* _SOURCE INFORMATION_:
================
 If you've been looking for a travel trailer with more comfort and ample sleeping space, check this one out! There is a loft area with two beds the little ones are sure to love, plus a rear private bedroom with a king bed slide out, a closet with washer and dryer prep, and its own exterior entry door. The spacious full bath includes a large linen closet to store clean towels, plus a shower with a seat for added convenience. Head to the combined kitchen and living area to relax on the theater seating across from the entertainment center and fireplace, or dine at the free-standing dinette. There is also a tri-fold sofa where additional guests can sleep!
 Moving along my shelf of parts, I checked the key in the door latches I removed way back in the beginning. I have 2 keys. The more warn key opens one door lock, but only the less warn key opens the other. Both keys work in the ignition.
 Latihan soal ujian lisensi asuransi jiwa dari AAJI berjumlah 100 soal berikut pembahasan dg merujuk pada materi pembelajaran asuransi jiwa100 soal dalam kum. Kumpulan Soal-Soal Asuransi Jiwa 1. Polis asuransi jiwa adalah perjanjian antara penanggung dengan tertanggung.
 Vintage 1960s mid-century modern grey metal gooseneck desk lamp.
================
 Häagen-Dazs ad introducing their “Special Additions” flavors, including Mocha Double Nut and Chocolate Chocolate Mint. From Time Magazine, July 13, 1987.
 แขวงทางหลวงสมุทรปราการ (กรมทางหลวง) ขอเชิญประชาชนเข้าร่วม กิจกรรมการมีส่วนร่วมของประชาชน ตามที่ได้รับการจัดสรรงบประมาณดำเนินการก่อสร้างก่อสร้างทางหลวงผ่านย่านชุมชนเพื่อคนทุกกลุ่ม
================
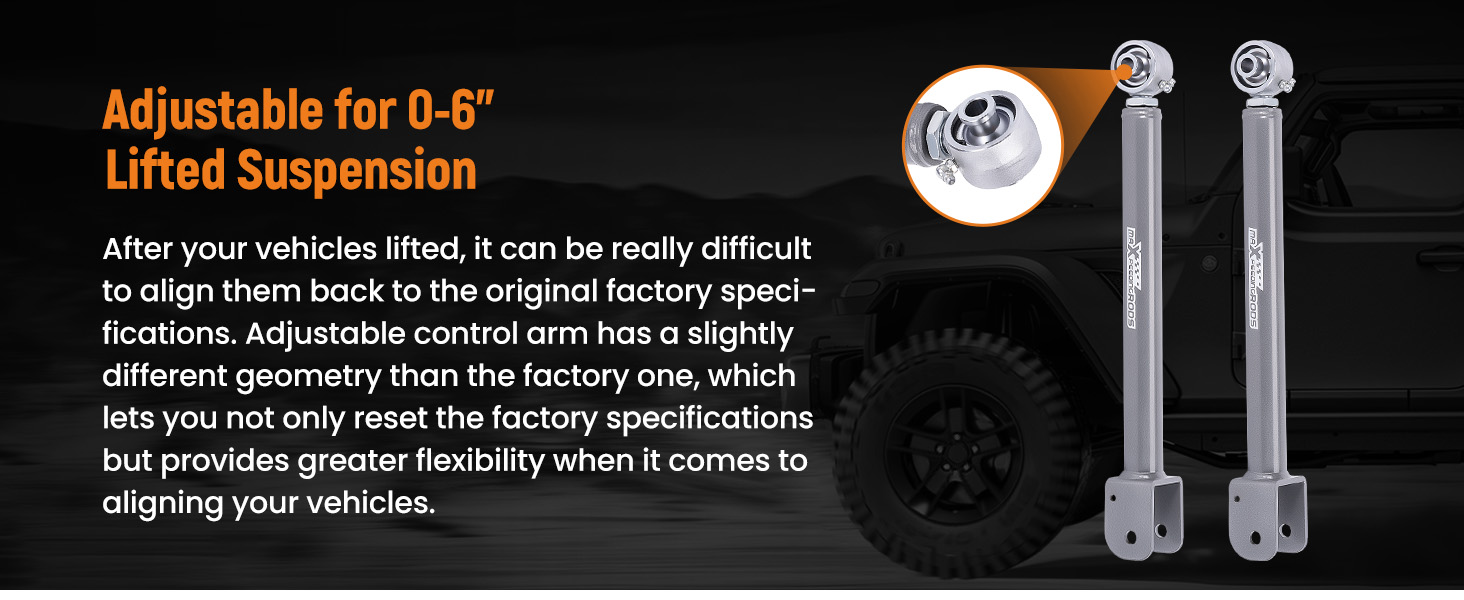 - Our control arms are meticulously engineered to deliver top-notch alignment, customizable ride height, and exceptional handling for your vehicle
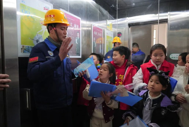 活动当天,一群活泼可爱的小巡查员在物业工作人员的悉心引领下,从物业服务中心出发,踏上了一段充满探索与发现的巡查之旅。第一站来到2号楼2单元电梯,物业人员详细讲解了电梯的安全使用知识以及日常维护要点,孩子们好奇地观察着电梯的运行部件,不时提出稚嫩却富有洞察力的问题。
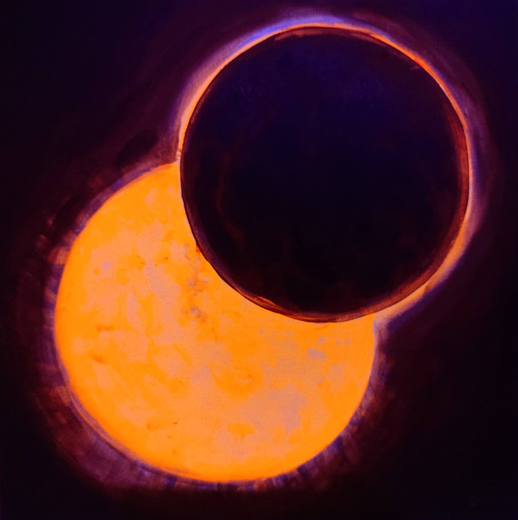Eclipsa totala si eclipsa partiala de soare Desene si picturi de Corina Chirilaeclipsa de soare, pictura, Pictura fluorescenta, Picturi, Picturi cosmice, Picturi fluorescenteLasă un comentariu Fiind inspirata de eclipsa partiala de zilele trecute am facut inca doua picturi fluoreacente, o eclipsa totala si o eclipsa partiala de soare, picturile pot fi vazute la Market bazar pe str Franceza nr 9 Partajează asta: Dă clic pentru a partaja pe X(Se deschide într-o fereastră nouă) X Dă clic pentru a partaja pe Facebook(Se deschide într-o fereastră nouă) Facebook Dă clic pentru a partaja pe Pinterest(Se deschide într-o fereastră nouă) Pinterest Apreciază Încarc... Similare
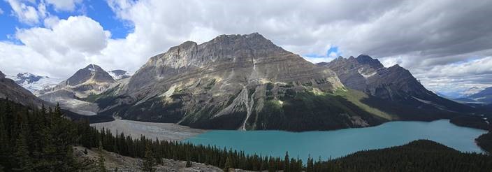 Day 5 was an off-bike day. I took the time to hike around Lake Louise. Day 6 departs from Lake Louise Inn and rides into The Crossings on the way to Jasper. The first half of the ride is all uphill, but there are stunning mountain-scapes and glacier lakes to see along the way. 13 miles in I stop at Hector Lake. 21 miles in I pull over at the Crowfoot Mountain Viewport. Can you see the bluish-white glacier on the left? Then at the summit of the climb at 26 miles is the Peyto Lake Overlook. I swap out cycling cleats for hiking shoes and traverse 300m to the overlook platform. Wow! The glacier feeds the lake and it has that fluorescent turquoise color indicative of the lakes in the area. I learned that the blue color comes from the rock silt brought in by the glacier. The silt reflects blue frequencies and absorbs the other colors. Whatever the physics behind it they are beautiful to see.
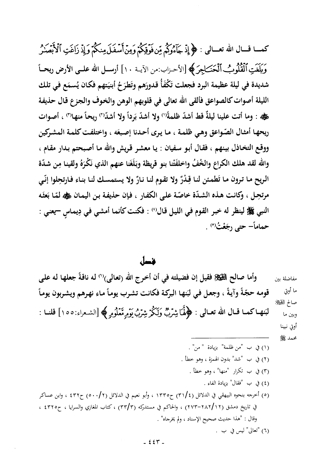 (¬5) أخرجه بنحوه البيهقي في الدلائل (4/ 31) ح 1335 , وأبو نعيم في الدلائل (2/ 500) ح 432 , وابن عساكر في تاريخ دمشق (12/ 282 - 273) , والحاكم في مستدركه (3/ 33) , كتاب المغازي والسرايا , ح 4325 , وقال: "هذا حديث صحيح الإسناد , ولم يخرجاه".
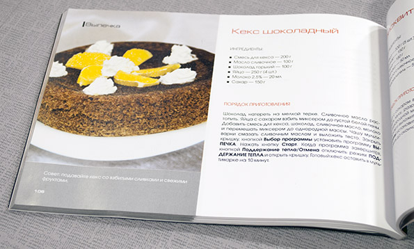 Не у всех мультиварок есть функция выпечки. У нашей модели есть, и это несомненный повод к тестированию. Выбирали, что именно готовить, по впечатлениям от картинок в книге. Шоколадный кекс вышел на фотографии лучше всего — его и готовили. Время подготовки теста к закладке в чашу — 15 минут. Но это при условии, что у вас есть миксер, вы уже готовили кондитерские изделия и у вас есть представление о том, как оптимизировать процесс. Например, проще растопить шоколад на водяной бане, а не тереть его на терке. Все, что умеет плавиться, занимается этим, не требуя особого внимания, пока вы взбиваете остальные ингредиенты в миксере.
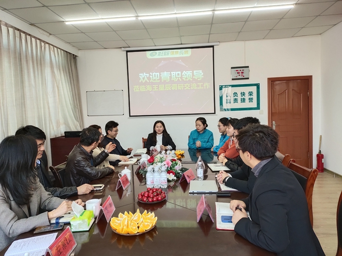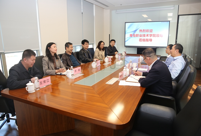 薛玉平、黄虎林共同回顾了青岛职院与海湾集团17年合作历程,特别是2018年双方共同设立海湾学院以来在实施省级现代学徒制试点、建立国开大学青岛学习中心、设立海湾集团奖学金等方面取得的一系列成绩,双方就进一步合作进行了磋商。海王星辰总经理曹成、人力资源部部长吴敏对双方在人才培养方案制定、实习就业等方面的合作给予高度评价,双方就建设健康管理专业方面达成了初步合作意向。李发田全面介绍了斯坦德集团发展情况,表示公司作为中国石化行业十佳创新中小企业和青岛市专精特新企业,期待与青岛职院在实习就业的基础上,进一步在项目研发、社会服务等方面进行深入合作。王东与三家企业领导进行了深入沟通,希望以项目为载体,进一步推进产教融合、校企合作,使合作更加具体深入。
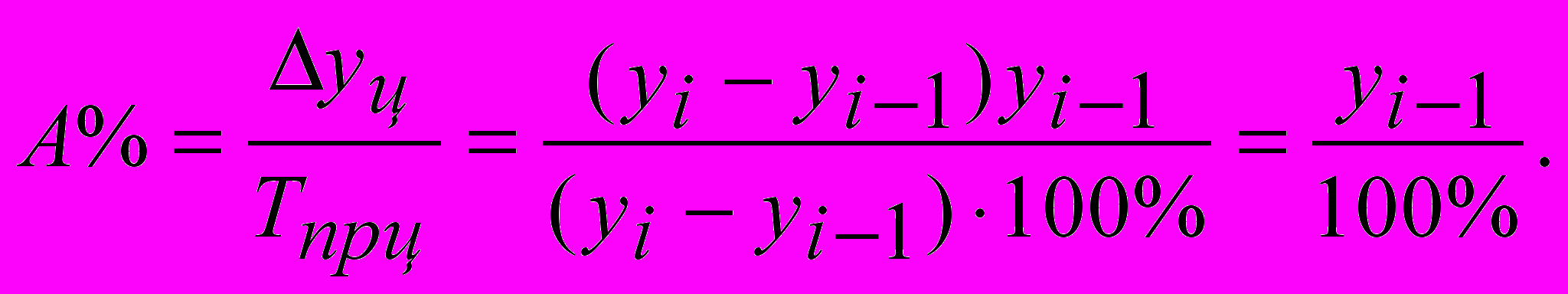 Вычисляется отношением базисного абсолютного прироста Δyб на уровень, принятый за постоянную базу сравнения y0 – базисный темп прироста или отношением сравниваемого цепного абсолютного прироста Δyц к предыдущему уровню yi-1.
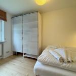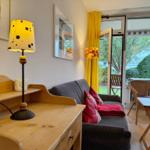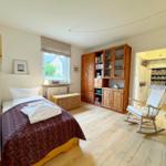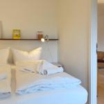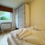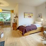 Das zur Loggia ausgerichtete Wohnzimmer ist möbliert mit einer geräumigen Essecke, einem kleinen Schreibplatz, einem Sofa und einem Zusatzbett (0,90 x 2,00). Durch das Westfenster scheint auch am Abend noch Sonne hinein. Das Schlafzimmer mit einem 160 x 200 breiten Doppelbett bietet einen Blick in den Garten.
================
* _WORK REQUEST_: Leave out every line above except those from the line with "Latihan soal ujian" up to and including the line with "Vintage 1960s mid-century", and copy those exactly.

* _SOLUTION TO THE EXERCISE_:
 Latihan soal ujian lisensi asuransi jiwa dari AAJI berjumlah 100 soal berikut pembahasan dg merujuk pada materi pembelajaran asuransi jiwa100 soal dalam kum. Kumpulan Soal-Soal Asuransi Jiwa 1. Polis asuransi jiwa adalah perjanjian antara penanggung dengan tertanggung.
 Vintage 1960s mid-century modern grey metal gooseneck desk lamp.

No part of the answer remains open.